When fluid accumulates in the knee joint due to traumatic injury or through the trauma of surgery, it is often necessary to aspirate. Synovial fluid aspiration, also known as arthrocentesis, is performed by a doctor or physician’s assistant and involves the insertion of a surgical needle into the knee joint cavity. Arthrocentesis is quick and relatively simple. Usually, repeated aspirations will be necessary until the underlying cause of the effusion is identified and treated successfully.



Draining fluid from your knee and the recovery time will depend on the chosen treatment and underlying cause of the fluid accumulation. Physical activity should be avoided at all costs for at least a few days after each aspiration session. The discomfort associated with knee effusion is often not eliminated even after a full aspiration and doctors will often prescribe mild analgesics to help patients deal with pain.



Because of the detrimental and debilitating effect that knee synovial fluid accumulation can have on a patient’s life, it is essential to do everything possible to avoid it in the first place. Caution is always recommended when practicing any brusque physical activity. Weight management is also a valid preventative technique as excess weight puts an unnecessary strain upon the joints of the body.

It is also important to listen to your body’s signals and warnings. If you feel pain or discomfort on the knee joint, stop whatever it is you are doing and give your body a chance to rest. Doing this will significantly reduce the risk of suffering any eventual pain, stiffness, and swelling.


Thank you

Dr.

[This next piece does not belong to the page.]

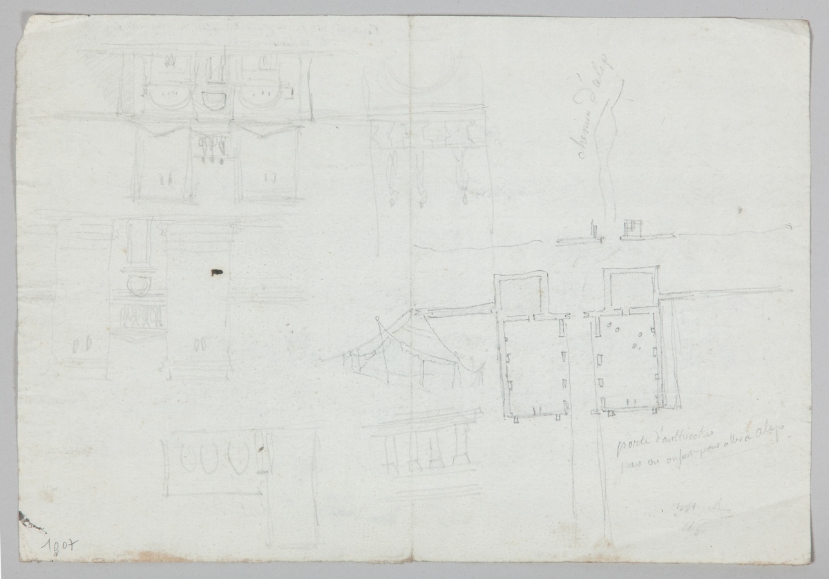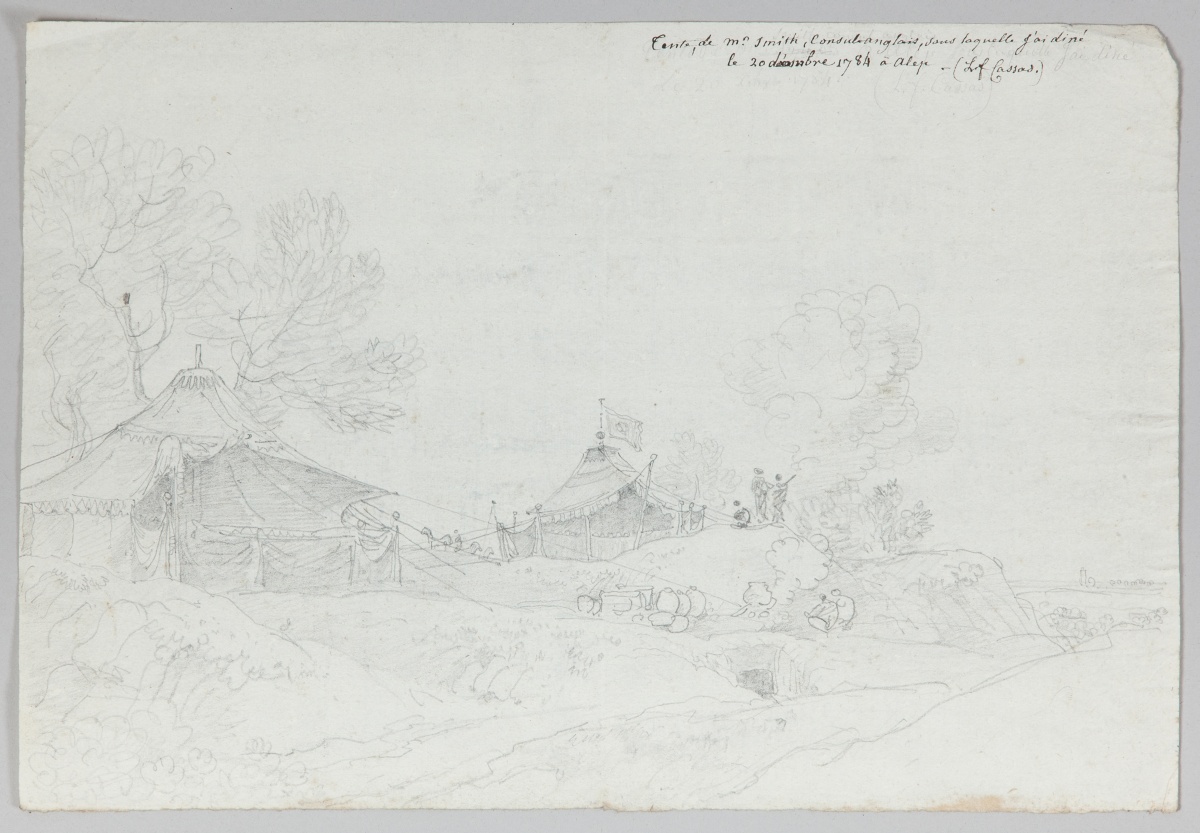 Légendé à la plume et encre noire sur traits de crayon noir en haut à droite : "Tente de Monsieur Smith, consul anglais, sous laquelle j 'ai dîné, le 20 décembre 1784 à Alep. (L.F.Cassas)" et au verso "porte d'Antioche (

Alberto



  • Schweitzer, Mark E., et al. “Knee effusion: normal distribution of fluid.” American journal of roentgenology 159.2 (1992): 361-363.
  • Zahmatkash, Mohsen, and Mohammad Reza Vafaeenasab. “Comparing analgesic effects of a topical herbal mixed medicine with salicylate in patients with knee osteoarthritis.” Pakistan journal of biological sciences: PJBS13 (2011): 715-719.
  • Caughey, D. E., and E. G. L. Bywaters. “Joint fluid pressure in chronic knee effusions.” Annals of the rheumatic diseases2 (1963): 106.
  • Lohmander, L. Stefan, et al. “Increased levels of proteoglycan fragments in knee joint fluid after injury.” Arthritis & Rheumatology11 (1989): 1434-1442.
  • Hartz, Arthur J., et al. “The association of obesity with joint pain and osteoarthritis in the HANES data.” Journal of chronic diseases4 (1986): 311-319.
  • Radin, Eric L., et al. “Relationship between lower limb dynamics and knee joint pain.” Journal of orthopaedic research3 (1991): 398-405.
  • Schaible, Hans-Georg, and Blair D. Grubb. “Afferent and spinal mechanisms of joint pain.” Pain1 (1993): 5-54.
  • Ansell, Barbara M., et al. “Evaluation of intra-articular colloidal gold Au 198 in the treatment of persistent knee effusions.” Annals of the rheumatic diseases6 (1963): 435.




  1. Thank you so much for the great article, I am suffering from arthritis. It was fluent and to the point. Cheers.

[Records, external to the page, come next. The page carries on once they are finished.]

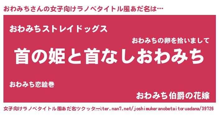 | 恥ずかしいあだ名 | 『オワミチデラックス』『おわっちょ』 |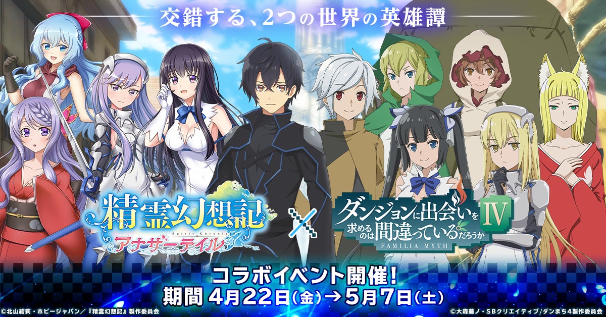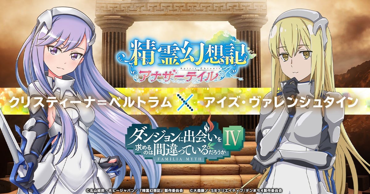 CTW株式会社は、「G123」にて配信中のHTML5ゲーム『精霊幻想記アナザーテイル』(以下、アナテイ)にてアニメ「ダンジョンに出会いを求めるのは間違っているだろうかⅣ」とのコラボイベントを開催することをお知らせいたします。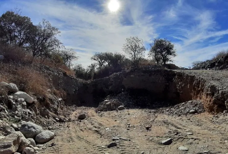 Si bien existe una veda total de extracción de áridos, vigente desde diciembre del 2023, la actividad ha continuado de manera esporádica e ilegal, según las denuncias ambientales de los vecinos. Las crecidas del arroyo provocan desbordes sobre las propiedades privadas, comprometiendo viviendas, caminos rurales, alambrados y postes de luz que inhabilitan el acceso a la energía para producir. Cuando el arroyo crece, todas las barrancas generadas por la extracción de áridos se liman y con el tiempo se desmoronan.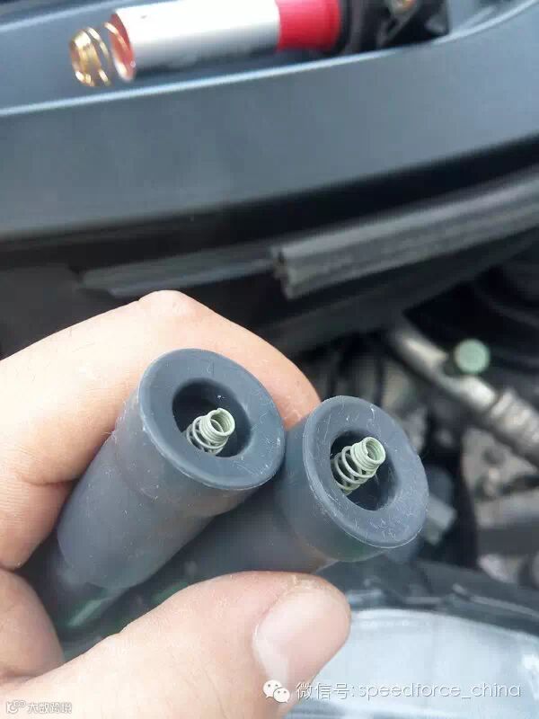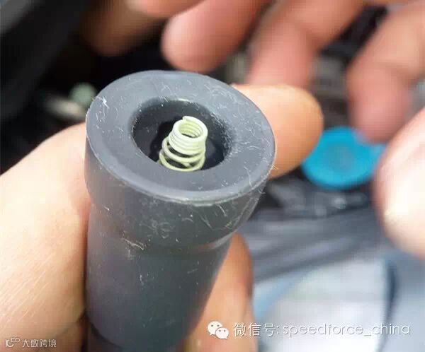 拆下原车高压包后拔出点火杆见到严重氧化的弹簧,上面满布氧化物。

  2. Thank you so much for the great article, it was fluent and to the point. I have also asked my doctor about this procedure.

  3. First of all, I thank you for your great article. My English is not good. Helped me remove knee pain. You point out an excellent problem with water on knee and informative tutorial, also to get a plenty of information to removing my knee pain with natural way. please keep it up, it would be better help for such patient. Thanks for sharing.

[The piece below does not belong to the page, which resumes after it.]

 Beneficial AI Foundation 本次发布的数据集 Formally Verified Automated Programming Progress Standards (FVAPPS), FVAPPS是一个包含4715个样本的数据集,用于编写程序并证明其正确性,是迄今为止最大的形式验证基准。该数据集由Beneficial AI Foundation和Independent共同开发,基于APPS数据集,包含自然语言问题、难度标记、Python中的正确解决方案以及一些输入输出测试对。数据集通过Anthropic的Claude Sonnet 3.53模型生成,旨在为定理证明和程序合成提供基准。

  4. My right knee has been swollen for 4 days with the pain leading up to it starting approximately about 4 days before. I have always worked on my feet, I am 63 yo. I have done the rice formula for the past 5 days to no avail, and have always had small pain issues with my knees thinking it was because I was on my feet all the time. I did have a very substantial water skiing accident approximately 20 years ago, but my knee has NEVER swollen up like this , and stayed that way for so long any suggestions?

    1. Our Ice approach should have worked for you, so there must be a more underlying problem. Yes, perhaps the skiiing accident from 20 years ago. I suggest you see your local GP.

      Thank you for letting us know Stephanie.